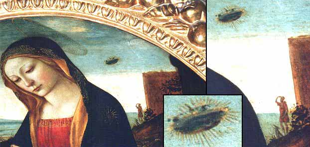 This is the painting titled "The Madonna with Saint Giovannino" a painting from around the beginning of 16th century most likely painted by Domenico Ghirlandaio. The painting depicts Mary mother of Jesus looking down while in the background you can see a clear picture of what appears to be a UFO flying above while a man on a ledge blocks the sun with his hand and stares at the strange flying object in the sky.
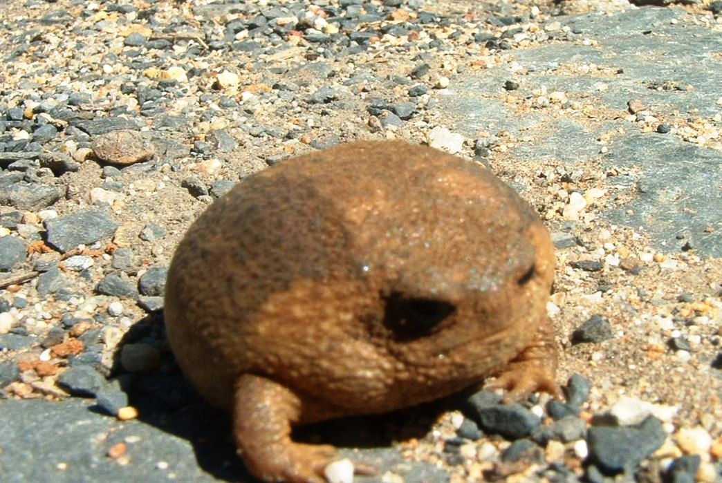 The Cape Rain frog. Breviceps gibbosus.
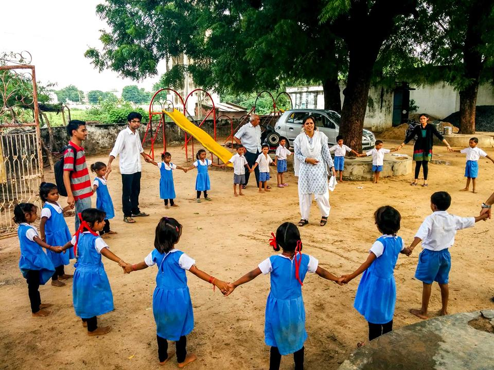 A group of school children forming a circle
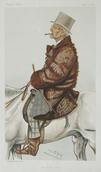 Caricature of Frederick Barne. Caption read "the Jockey Club".
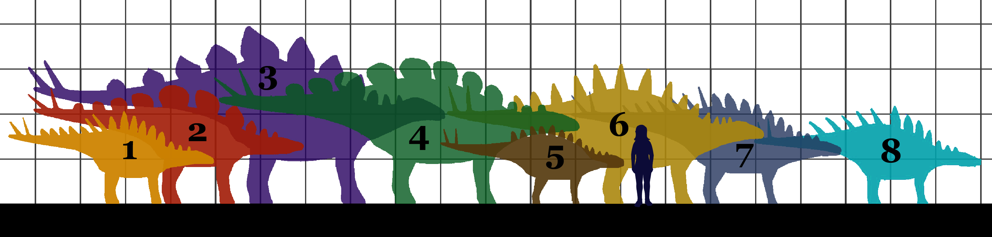 Size comparison between different genera of Stegosauria (Dinosauria, Ornithischia) and a human. 1. Huayangosaurus, 2. Hesperosaurus, 3. Stegosaurus, 4. Wuerhosaurus, 5. Gigantspinosaurus, 6. Tuojiangosaurus, 7. Lexovisaurus, 8. Kentrosaurus. The measuring squares is in metres.
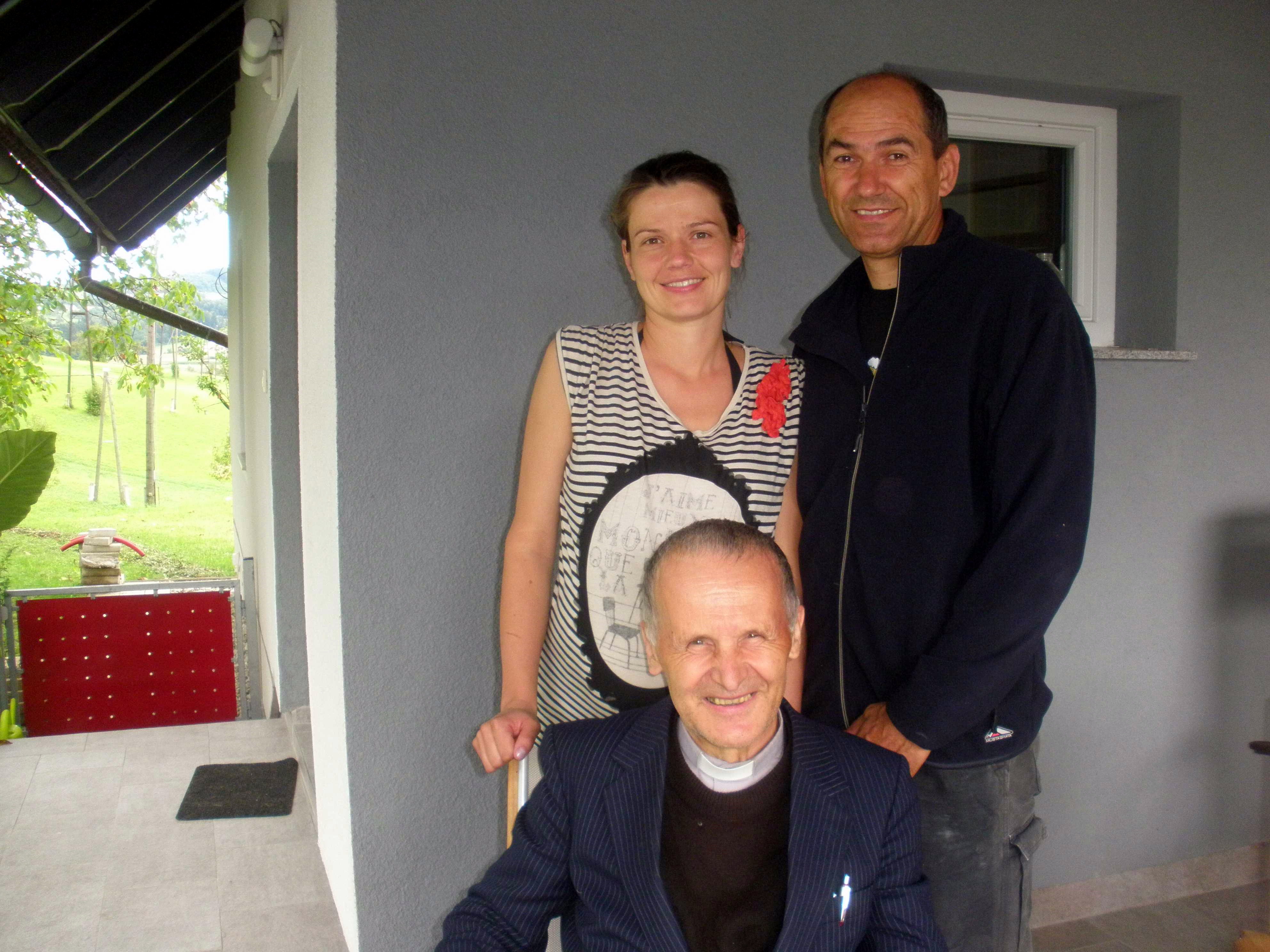 I with Janez and Urška Janša - they worked at home in Šentilj pri Velenju, Slovenia
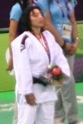 Sabina Abdullayeva at the awarding ceremony of the judo women blind 57 kg of the 2015 European Games.
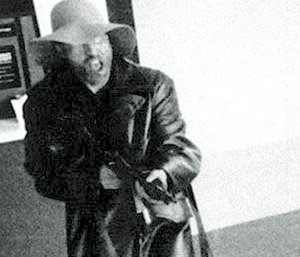 This image was found using GIS. Multiple websites attribute it as being an FBI photo.
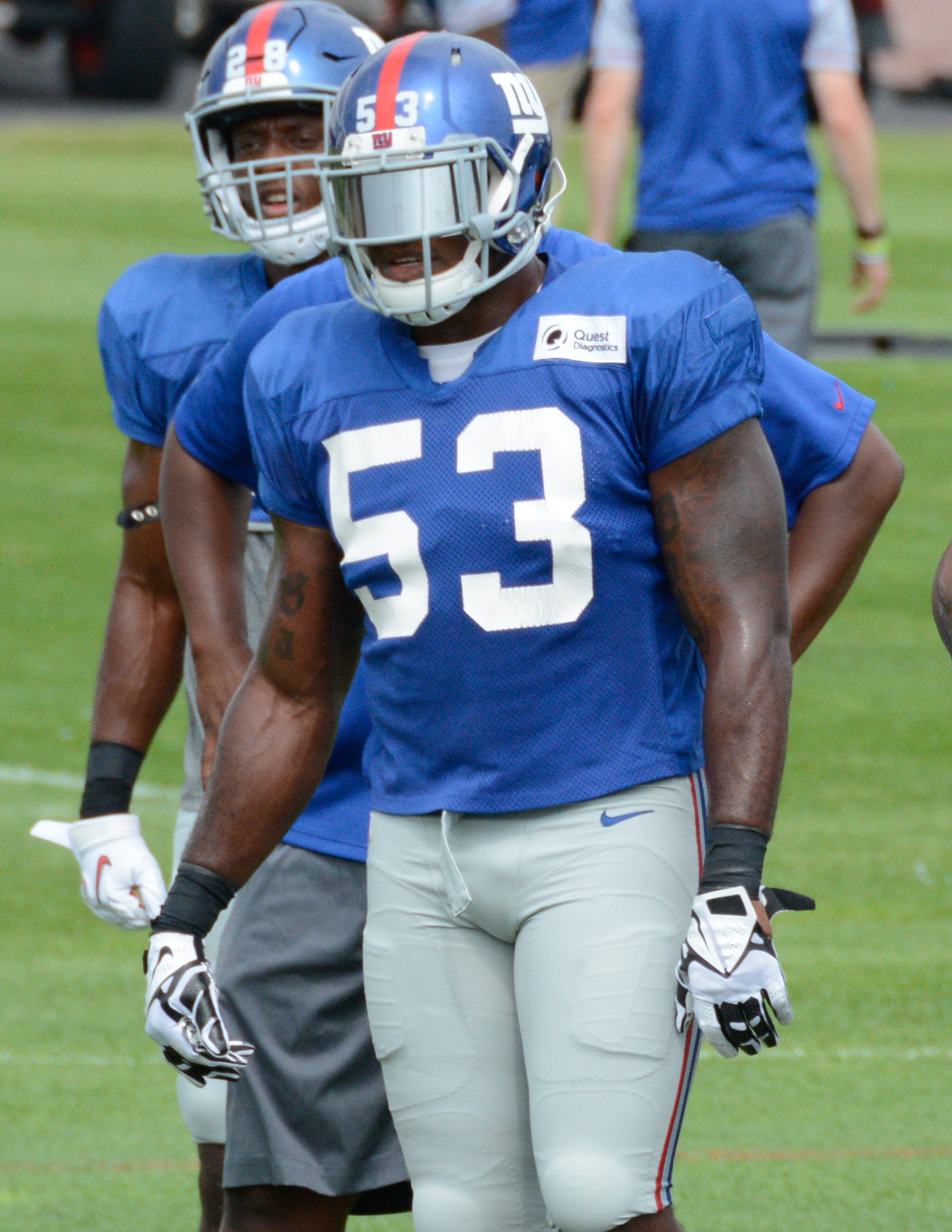 New York Giants training camp
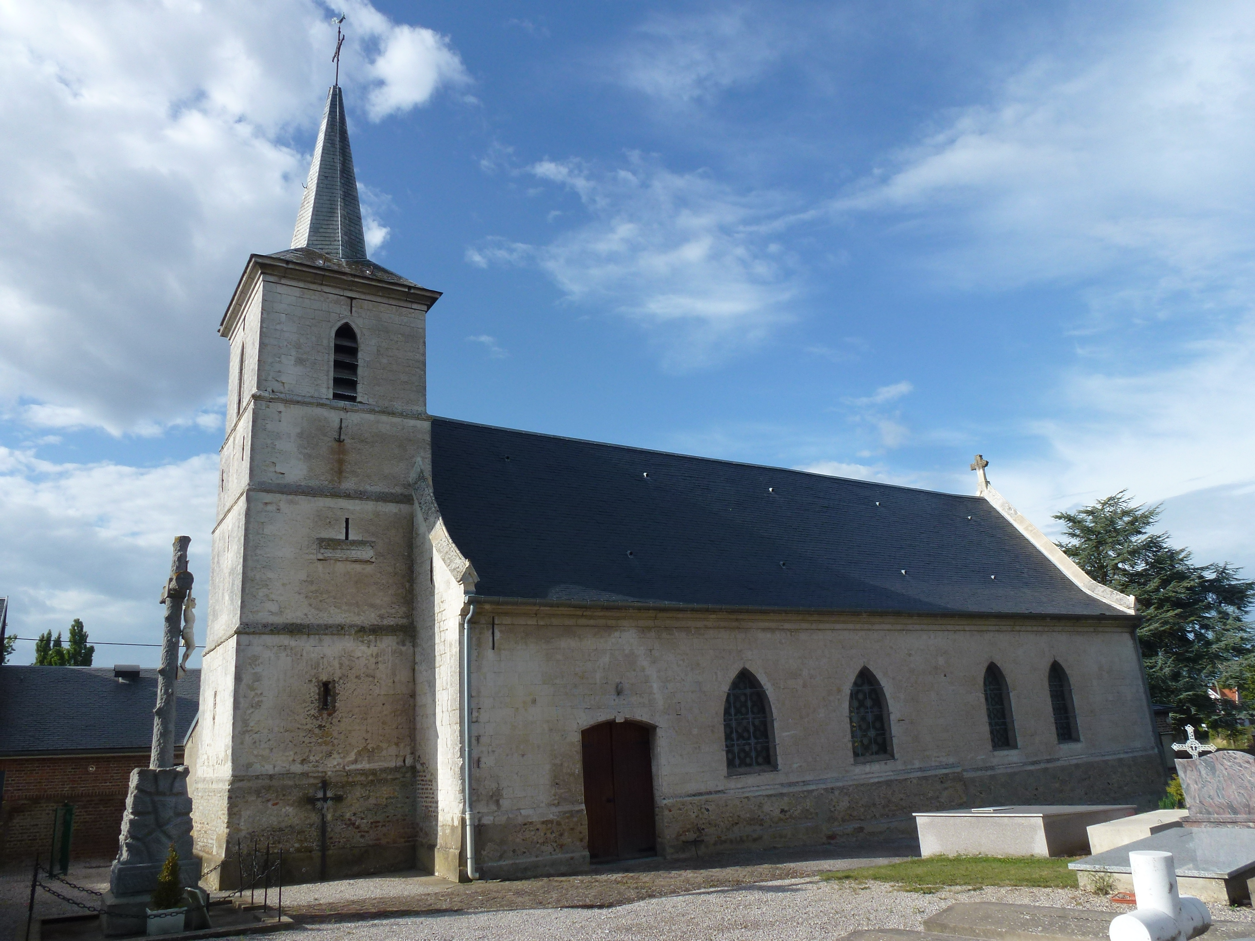 Autingues (Pas-de-Calais) église
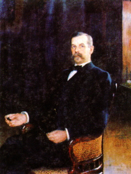 Johan Oskar Backlund (April 28, 1846 – August 29, 1916). Painting Баклунд Оскар Андреевич, астроном. 1900
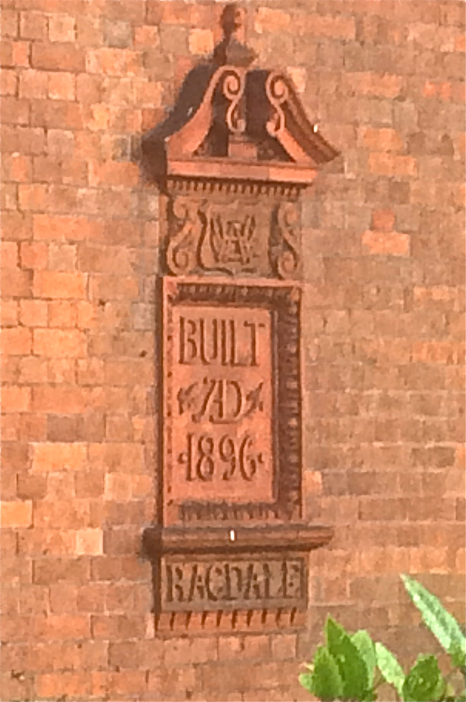 Terracotta date panel on no11, The Avenue, Lincoln
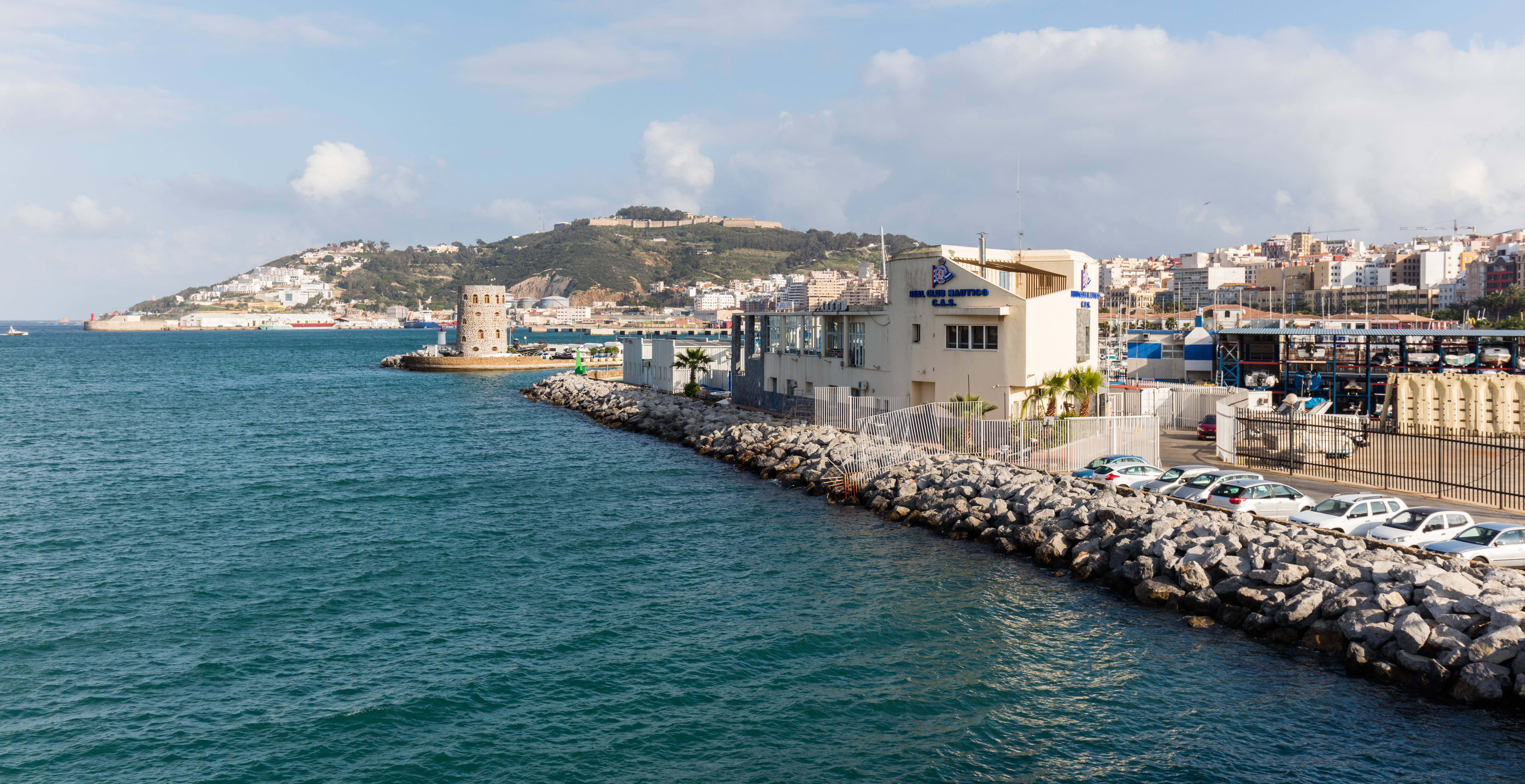 Coast of Ceuta, Spain
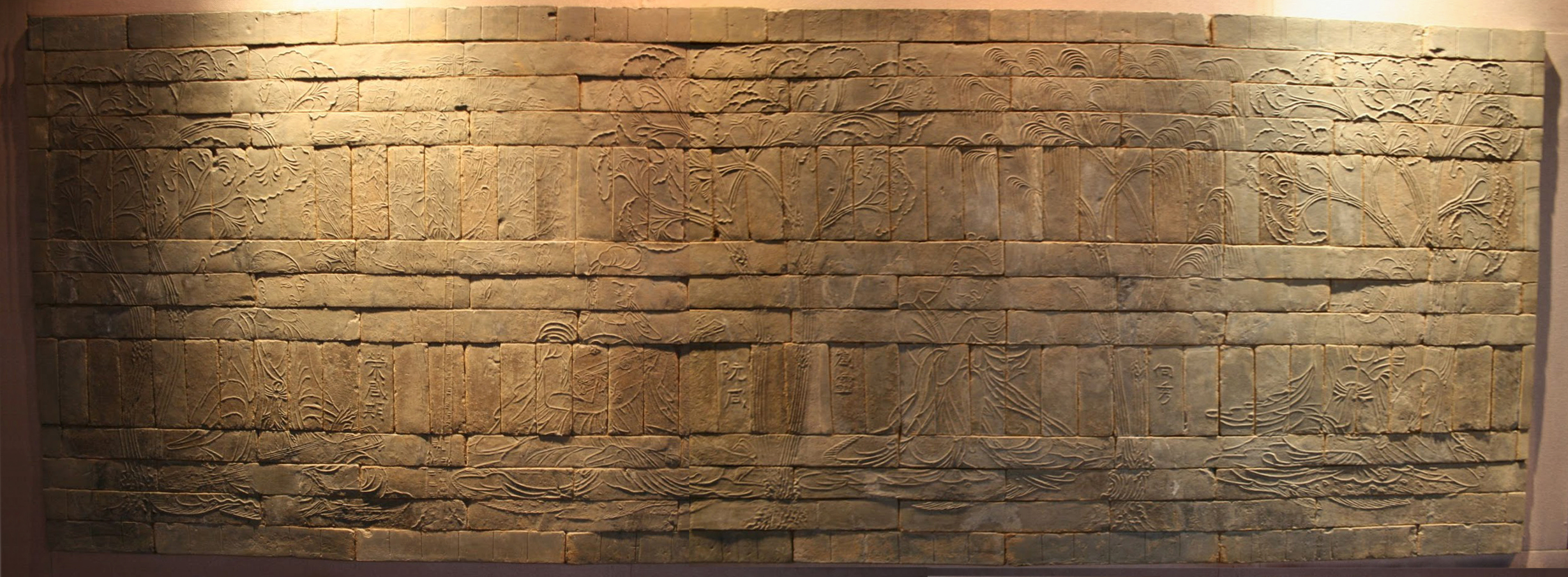 Molded-brick mural, identified as the "Seven Sages of the Bamboo Grove and Rong Qiqi", one of two walls apart of the coffin found in a tomb of the capital region of the Southern dynasties (5th-6th. c.), second half of the fifth century, at Xishanqiao, near Nanjing. 88 x 240 cm. Nanjing Museum. We can recognize from left to right Xiuang Xiu (228-281) under a gingko tree, Liu Ling (ca.221-ca.300), Ruan Xian (230-281) and Rong Qiqi (presumably act. 5th cent BC), a contemporary of Confucius, under a gingko tree too.
········
A word-for-word copy is needed of the lines from the line with "Sabina Abdullayeva at" through the last line of the entries above, with both ends kept and the pictures dropped.

RESPONSE TO THE EXERCISE:
 Sabina Abdullayeva at the awarding ceremony of the judo women blind 57 kg of the 2015 European Games.
 This image was found using GIS. Multiple websites attribute it as being an FBI photo.
 New York Giants training camp
 Autingues (Pas-de-Calais) église
 Johan Oskar Backlund (April 28, 1846 – August 29, 1916). Painting Баклунд Оскар Андреевич, астроном. 1900
 Terracotta date panel on no11, The Avenue, Lincoln
 Coast of Ceuta, Spain
 Molded-brick mural, identified as the "Seven Sages of the Bamboo Grove and Rong Qiqi", one of two walls apart of the coffin found in a tomb of the capital region of the Southern dynasties (5th-6th. c.), second half of the fifth century, at Xishanqiao, near Nanjing. 88 x 240 cm. Nanjing Museum. We can recognize from left to right Xiuang Xiu (228-281) under a gingko tree, Liu Ling (ca.221-ca.300), Ruan Xian (230-281) and Rong Qiqi (presumably act. 5th cent BC), a contemporary of Confucius, under a gingko tree too.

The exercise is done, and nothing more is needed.